Segment Start: DATA BELOW

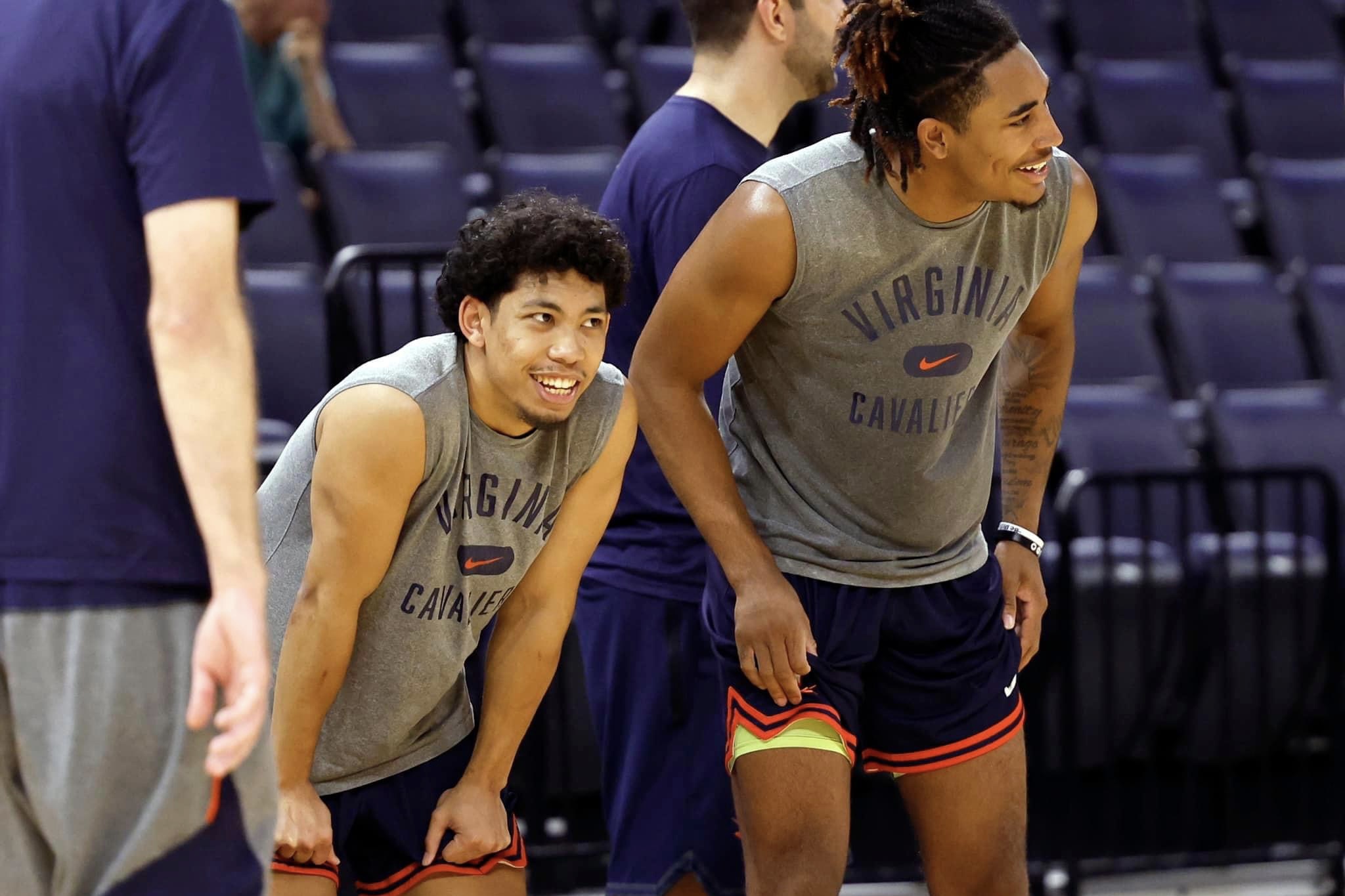 Virginia guads Kihei Clark and Armaan Franklin share a laugh at a recent practice. (Photo: UVA Athletics)
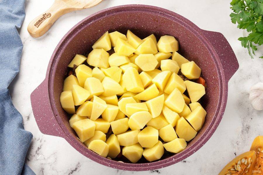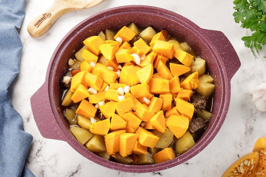 Затем добавьте нарезанную крупными кусочками тыкву и нарезанный кубиками чеснок.
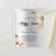 A modern, elegant gender neutral baby shower invitation. Faux silver metallic looking background decorated with golden eucalyptus sprigs. Personalise and add a name and party details. Black coloured letters.

Segment End: DATA BELOW

### PROBLEM DESCRIPTION
Print the preceding material over again exactly. Please leave the pictures out.

### EXERCISE RESPONSE
 Virginia guads Kihei Clark and Armaan Franklin share a laugh at a recent practice. (Photo: UVA Athletics)
 Затем добавьте нарезанную крупными кусочками тыкву и нарезанный кубиками чеснок.
 A modern, elegant gender neutral baby shower invitation. Faux silver metallic looking background decorated with golden eucalyptus sprigs. Personalise and add a name and party details. Black coloured letters.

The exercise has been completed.